-- Work task --
Retype the listing exactly, minus its pictures.

-- Dataset extract --
###
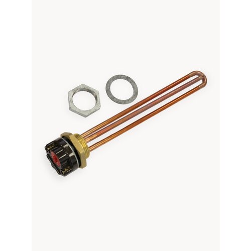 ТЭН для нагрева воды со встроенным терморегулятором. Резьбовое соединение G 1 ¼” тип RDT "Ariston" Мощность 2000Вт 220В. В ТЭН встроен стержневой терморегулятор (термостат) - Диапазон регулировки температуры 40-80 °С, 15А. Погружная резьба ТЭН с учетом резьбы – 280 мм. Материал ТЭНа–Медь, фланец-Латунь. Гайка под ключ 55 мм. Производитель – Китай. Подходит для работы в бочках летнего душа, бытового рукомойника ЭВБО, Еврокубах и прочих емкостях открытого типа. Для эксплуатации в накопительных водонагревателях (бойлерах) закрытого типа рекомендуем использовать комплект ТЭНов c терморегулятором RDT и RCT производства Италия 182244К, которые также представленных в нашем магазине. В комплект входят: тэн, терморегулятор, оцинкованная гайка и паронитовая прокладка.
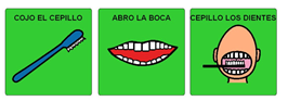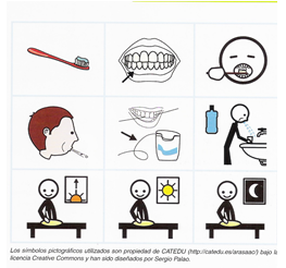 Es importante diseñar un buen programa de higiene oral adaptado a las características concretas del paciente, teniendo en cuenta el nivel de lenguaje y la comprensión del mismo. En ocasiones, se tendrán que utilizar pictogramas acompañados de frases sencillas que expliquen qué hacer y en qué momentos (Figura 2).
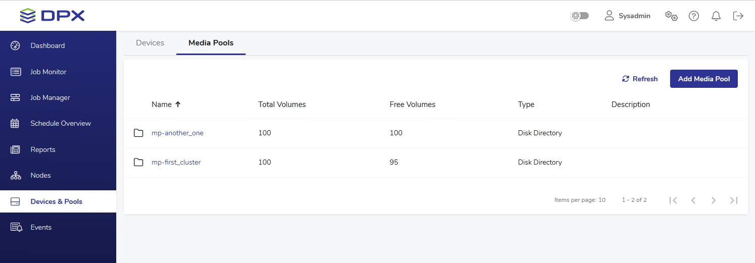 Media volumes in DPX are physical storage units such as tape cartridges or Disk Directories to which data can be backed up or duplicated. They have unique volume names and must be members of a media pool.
###
-- Your response --
 ТЭН для нагрева воды со встроенным терморегулятором. Резьбовое соединение G 1 ¼” тип RDT "Ariston" Мощность 2000Вт 220В. В ТЭН встроен стержневой терморегулятор (термостат) - Диапазон регулировки температуры 40-80 °С, 15А. Погружная резьба ТЭН с учетом резьбы – 280 мм. Материал ТЭНа–Медь, фланец-Латунь. Гайка под ключ 55 мм. Производитель – Китай. Подходит для работы в бочках летнего душа, бытового рукомойника ЭВБО, Еврокубах и прочих емкостях открытого типа. Для эксплуатации в накопительных водонагревателях (бойлерах) закрытого типа рекомендуем использовать комплект ТЭНов c терморегулятором RDT и RCT производства Италия 182244К, которые также представленных в нашем магазине. В комплект входят: тэн, терморегулятор, оцинкованная гайка и паронитовая прокладка.
 Es importante diseñar un buen programa de higiene oral adaptado a las características concretas del paciente, teniendo en cuenta el nivel de lenguaje y la comprensión del mismo. En ocasiones, se tendrán que utilizar pictogramas acompañados de frases sencillas que expliquen qué hacer y en qué momentos (Figura 2).
 Media volumes in DPX are physical storage units such as tape cartridges or Disk Directories to which data can be backed up or duplicated. They have unique volume names and must be members of a media pool.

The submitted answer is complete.